Not so simple if you need add maintenance, search, storage, printing, and
accessibility items to the list of requirements.

> What Juan propose, about adding a limited number of elements to HTML
> for maths, actually makes sense to me, especially if you can get not-
> too-bad results with CSS.

With more sophisticated design of CSS stylesheet and with more powerful
CSS engines and good Unicode fonts one could achieve TeX quality output.

> HTML is designed to be easy to learn and
> write; if we had a markup like that for mathematics which integrates
> easily in HTML it'd be much more used than MathML, I'm sure.

And if you can reuse those tags in text (e.g. <table>, <sub>, or <sup>)
and if you can use the same content model, DOM, and CSS techniques in both
text and math, then that is cheap. With MathML you cannot.


James Graham wrote:

> In this situation, I imagine most scientists will simply write LaTeX and
>  use a tool to produce the output format that they desire.

I doubt because LaTeX has not the sufficient capabilities for a full web
design.

> For MathML, there
> is already a reasonable story here since Itex2MML exists, although it
> really needs to be integrated with tools like hyperlatex if it is ever
> to be widely used. I would also argue that the difficulty of providing
> suitable imaged-based fallback content is a massive hindrance to the
> adoption of mathematical markup.

I proven that MathML code generated by IteX tool is very bad in several
occasions (in my weblog and in the official MathML mailing list).

> Look
> at the test page - some of the rendering is awful (the radical signs in
> particular stand out here).

The approach was designed to be minimalist. Of course it can be improved.
Moreover, radicals (looking better than in Firefox with native MathML
support) could be best rendered via future CSS embellishments for math.

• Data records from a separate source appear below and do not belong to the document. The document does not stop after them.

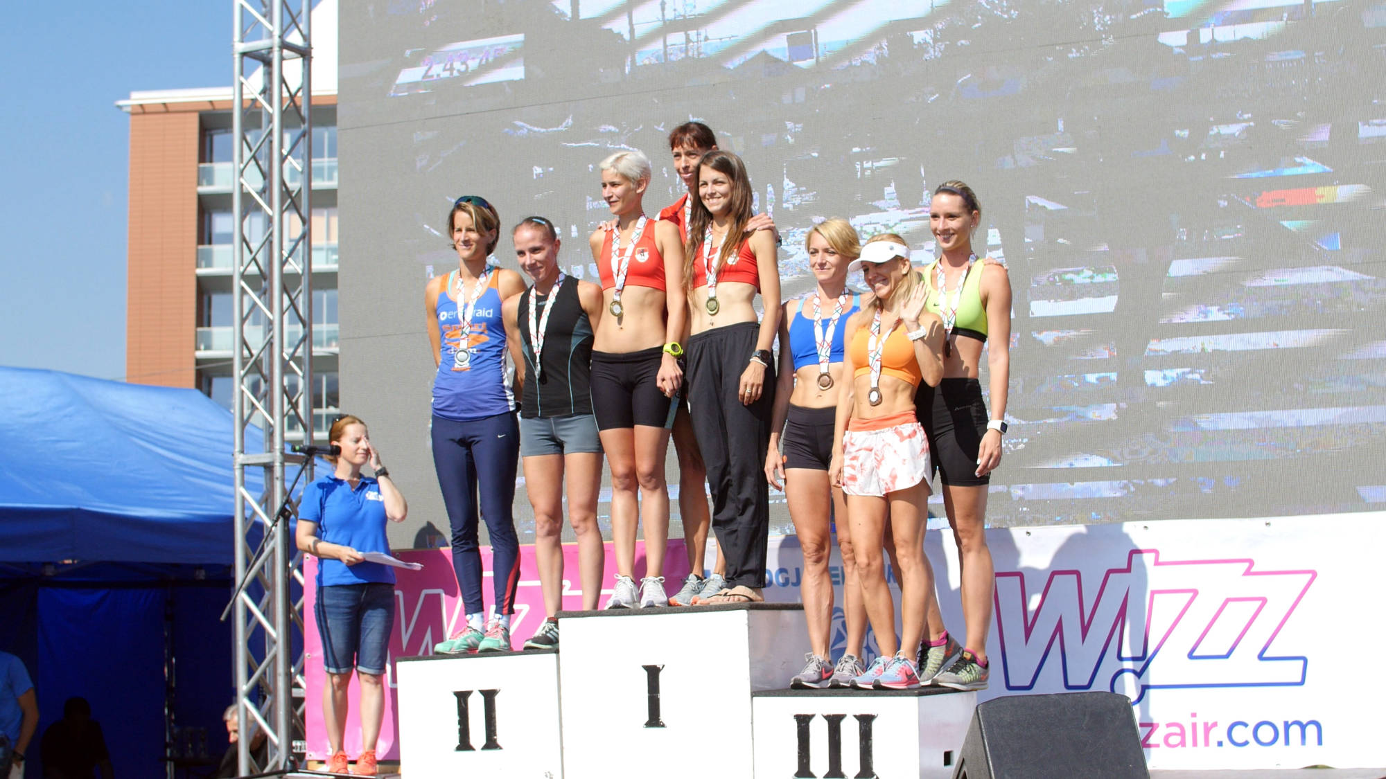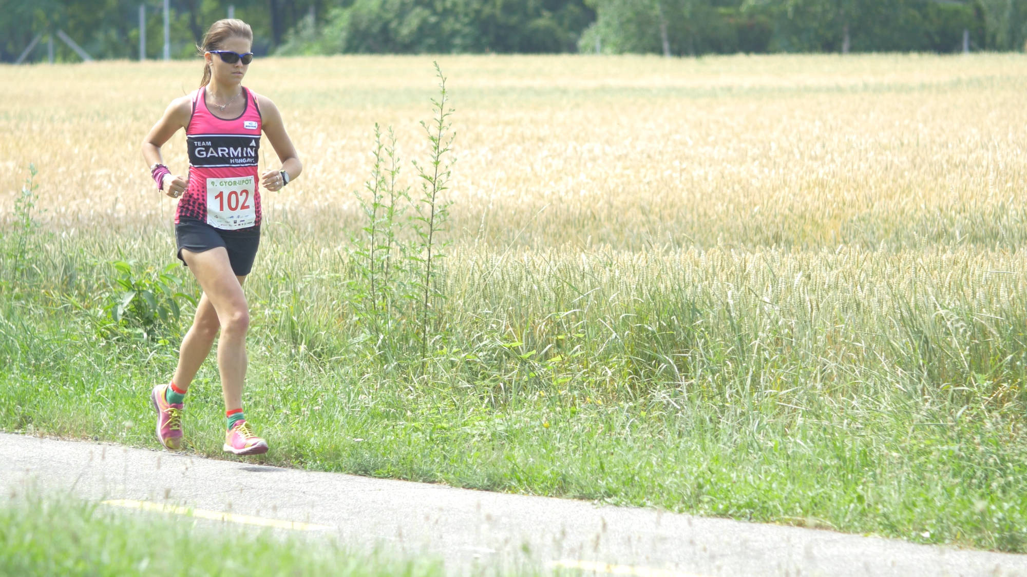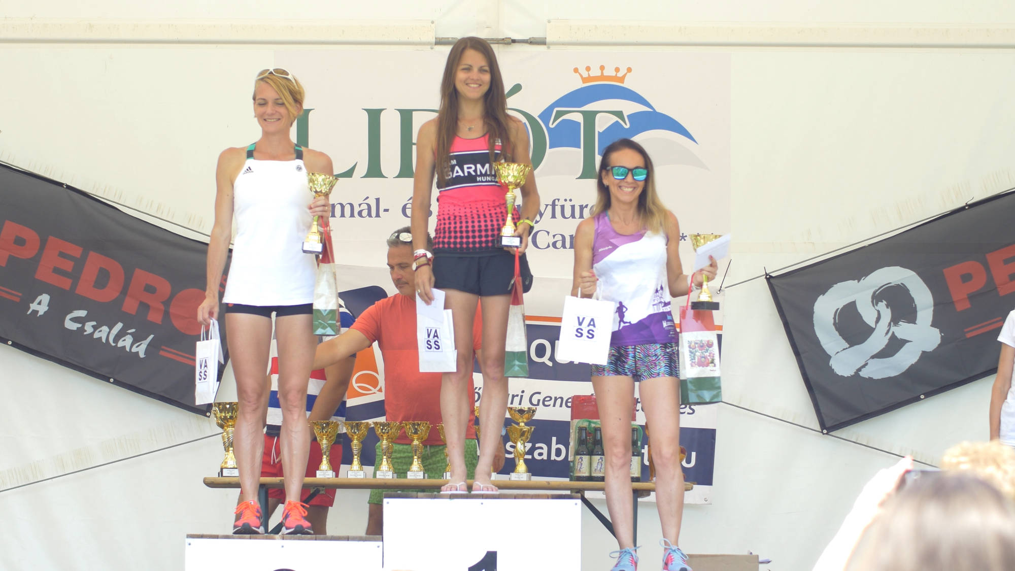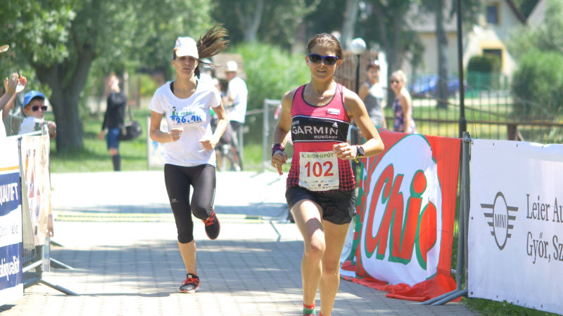 Szabó Nóri célba érkezése a 2018-as Győr-Lipót futóversenyen elsőként a nők között.
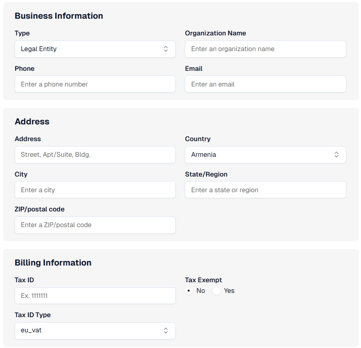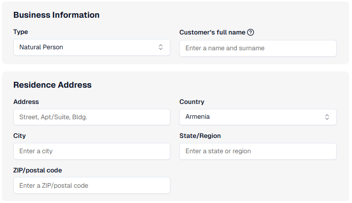 Business informationsection, depending on the type:Natural personorLegal entity, fill in the required fields. - Click
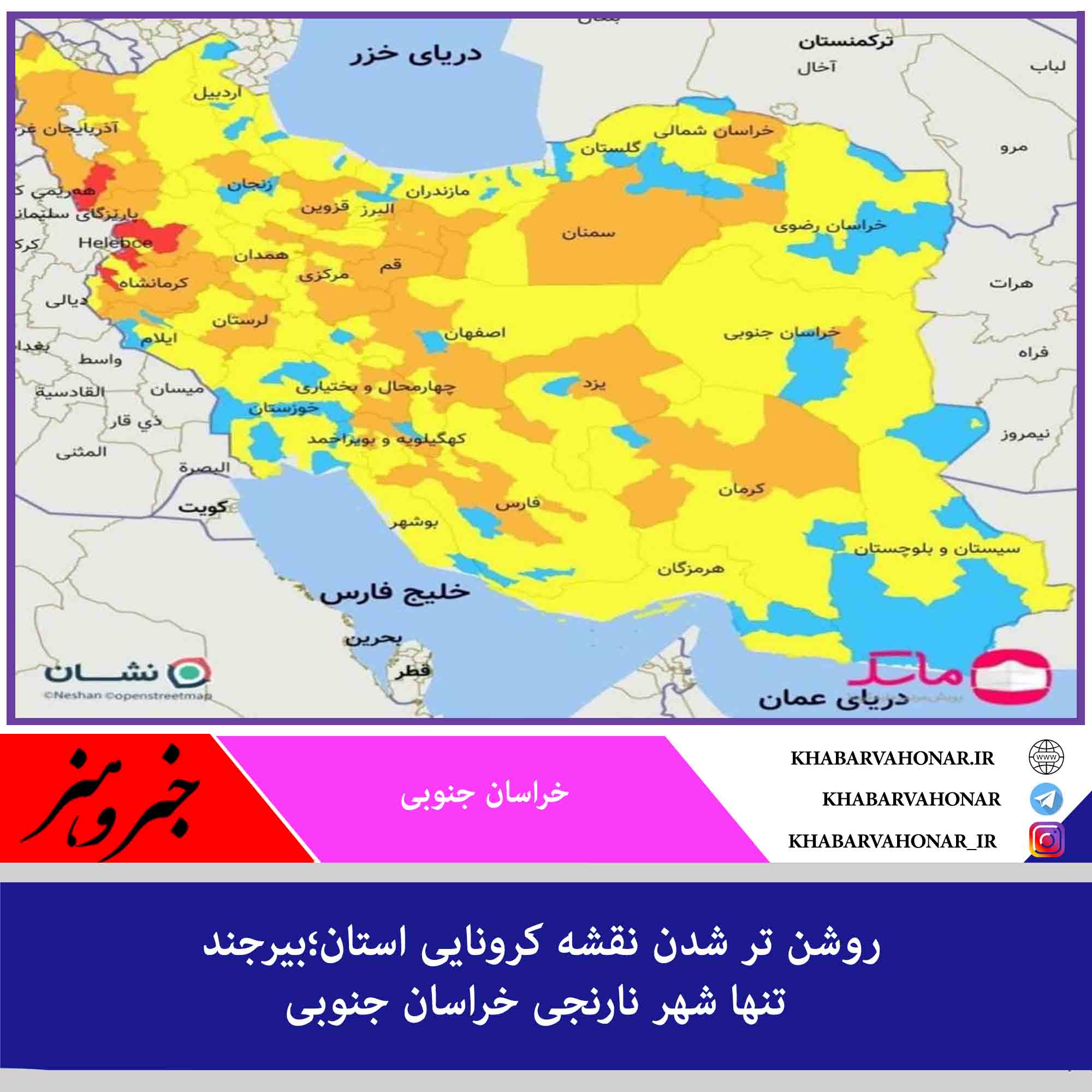 ?بر این اساس تنها شهر نارنجی رنگ استان بیرجند و تنها شهر آبی رنگ نیز خوسف اعلام شده است.

> And, despite being sold as a simpler
> solution than a MathML implementation, it works in about 1% of UAs (by
> number of users) compared to > 95% that have a story for native or
> plugin-based MathML.

Original approach works in many rendering engines including off-line
engines as Prince. The approach has been recently generalized to work also
with several XSL-FO formatters (MathML does not work in FO).

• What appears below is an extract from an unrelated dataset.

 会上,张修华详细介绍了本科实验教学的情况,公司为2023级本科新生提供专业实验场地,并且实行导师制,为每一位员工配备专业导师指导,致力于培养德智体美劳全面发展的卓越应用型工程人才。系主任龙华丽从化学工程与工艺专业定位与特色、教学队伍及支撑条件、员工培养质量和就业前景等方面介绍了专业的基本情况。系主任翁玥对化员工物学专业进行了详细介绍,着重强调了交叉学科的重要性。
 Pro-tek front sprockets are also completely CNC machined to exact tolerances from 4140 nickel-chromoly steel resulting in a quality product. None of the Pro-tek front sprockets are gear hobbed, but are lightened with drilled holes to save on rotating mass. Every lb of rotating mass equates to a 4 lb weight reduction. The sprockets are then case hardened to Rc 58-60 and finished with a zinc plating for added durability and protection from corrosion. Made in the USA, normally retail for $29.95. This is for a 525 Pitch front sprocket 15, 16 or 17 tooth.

Current problems are in current implementation of CSS standards rather
than problems with George approach. For example, it is needed good support
for inline CSS blocks. Firefox has a bug on that. The same bugs affected
Opera 8 and Prince 4, but were solved.

Prince developers fixed bug in some few days, whereas they were unable to
integrate MathML in the rendering engine in despite of many efforts.

The bug in Firefox is scheduled for a next release of Firefox. Therefore
inline CSS blocks will be correctly rendered. However, there is not
schedule for the unification of MathML in browser not for a full support
of the 2.0 specification. There is not schedule for implementation of
MathML in Opera, MSIE, FO formatters...

Moreover, George is now working in a cross-browser version of stylesheet
(using for example moz extensions as alternative to above bug) since three
or four weeks ago. My last news are he achieved a standard stylesheet
working in MSIE, Safari, Opera, and Firefox and also in several off-line
CSS printers and some FO engines for almost all the math (limitations are
due to partial support of standards in browsers but situation will be
better in future once full support for the standards). This is more that
MathML has been able to do in 10 years using specialized tool,
specifications, markup, browsers, dozens of publicity efforts in
journals...!

And do not forget that nobody know really Opera browser statistics,
because the Opera simulation mode doing that statistic tools confound it
with others browsers as Firefox or Explorer.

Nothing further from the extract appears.